Test series with RD1-300M completed

October 17, 2016

We have completed series of flight tests for the control system onboard subsonic flying testbed with RD1-300M motors burning rocket candy. Four such engines having impulse of 300 N·s each were installed on the testbed, and were ignited in pairs during ascent.

The twelfth flight of the flying testbed was unsuccessful - motor burnthrough occurred after the launch, and battery thermal cutoff was triggered, causing control system shutdown. The flight became uncontrolled, and the parachute wasn't deployed, so the rocket landed hard.

Burnthrough of RD1-300M motor.

The thirteenth flight went generally good, though the rocket was tilted due to a strong wind - effect caused by the absence of integral component in the control law, which would allow to compensate for the accumulation of errors.

Launch of the thirteenth flying testbed

Due to the low reliability of RD1-300M we decided to move on to a short series of tests using single large RD1-1500 motor. The total impulse of this motor somewhat exceeds the impulse of four RD1-300M motors, and equals 1500 N·s, allowing to verify the control system operation during longer period of time and, more importantly, at higher velocity, because at the point of its maximum in one of its earlier flights self-oscillations were observed.
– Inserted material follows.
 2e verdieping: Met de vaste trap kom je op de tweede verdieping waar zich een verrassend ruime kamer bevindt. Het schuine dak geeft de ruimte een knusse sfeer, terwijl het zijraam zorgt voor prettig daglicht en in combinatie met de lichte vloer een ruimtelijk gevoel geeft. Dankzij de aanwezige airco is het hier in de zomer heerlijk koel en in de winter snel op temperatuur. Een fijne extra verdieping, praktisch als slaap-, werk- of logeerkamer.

Size comparison and thrust curve of RD1-1500.

This motor is, however, just an intermediate step before the transition to our new Mars-3 motor, having the following specifications:

Thrust - 18 kgf

Burn time - 8 sec

Propellant mass - 1200 gram

Total impulse - 1440 N·s

Propellants - potassium perchlorate + sorbitol with glucose

There's an additional problem of choosing a nozzle for the new engine. Currently three options are considered: graphite (primary option), titanium and steel (experimental).

Since the design temperature of the exhaust gases is about 1700-1800 Celsius, there is a doubt that a steel nozzle can sustain it for 8 seconds. Besides, the steel option is the heaviest - 744 grams, while the graphite option weighs 178 grams, and titanium option - 426 grams.
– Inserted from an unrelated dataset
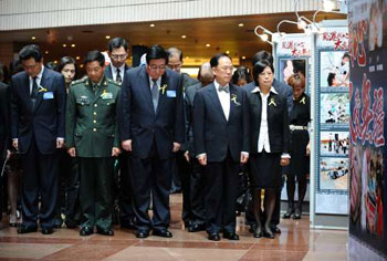 中新网5月13日电 香港《大公报》今日在“要闻”栏目刊发报道称,汶川大地震周年祭,东方之珠遥寄哀思。行政长官曾荫权连同中联办主任高祀仁出席地震图片展开幕礼,为死难者默哀。

However, its indisputable advantage is the cost. Test results will help in finding acceptable price/quality combination, provided there's need for multiple use.

As a result of the computational modeling of rocket flight with launch mass of 4.2 kg, the final velocity was 216 m/s, and flight altitude was 960 m.

Altitude and velocity.

Besides, it should be noted that one of the key features of this motor is high repeatability of specifications, and that is critical for more detailed mathematical modeling of flights of our flying testbeds in order to reduce the number of field tests, and to determine more accurately the coefficients of the control law.
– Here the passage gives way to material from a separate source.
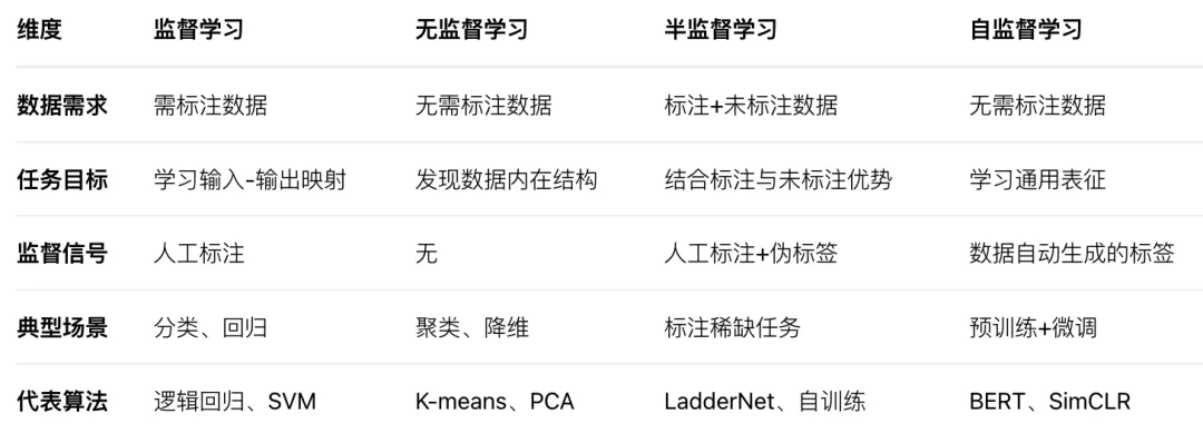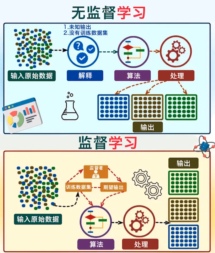 无监督学习完全无需人工标注,通过对数据内在特征的挖掘,找到样本间的关系。

Currently we are busy designing and manufacturing a new experimental rocket, whose primary objective is verification of the control system in long supersonic flight. Also, new motors will be installed on it. 86Duino ZERO controller will be used for the control system.

Casing material is carbon fiber reinforced with duralumin frames. Fairing is composite, it combines metal and carbon parts, allowing to achieve lightness of the structure combined with good strength. The fairing has parabolic shape and will be manufactured with CNC, since the accuracy of its production is critical for supersonic flight due to the strong aerodynamic drag above 0.9 Mach.

Four lower fairings cover the servos of grid fins and actuators of the control system, they are expected to be manufactured from metal using 3D printer, though in early flights they will be made of plastic. The overall shape was borrowed from Soyuz strap-on boosters.

In the central part of the rocket there is control system compartment, which is cut from aluminium ingot. Below the CS compartment is motor section, and it should be noted that the current motor occupies less than 50% of it, offering additional opportunities for motor boosting. The design also includes assembly for docking with booster of the previous version of the supersonic testbed. Taken together, the two mentioned points allow to achieve higher final velocity, increase the duration of supersonic flight and, consequently, bring the rocket to a considerable altitude.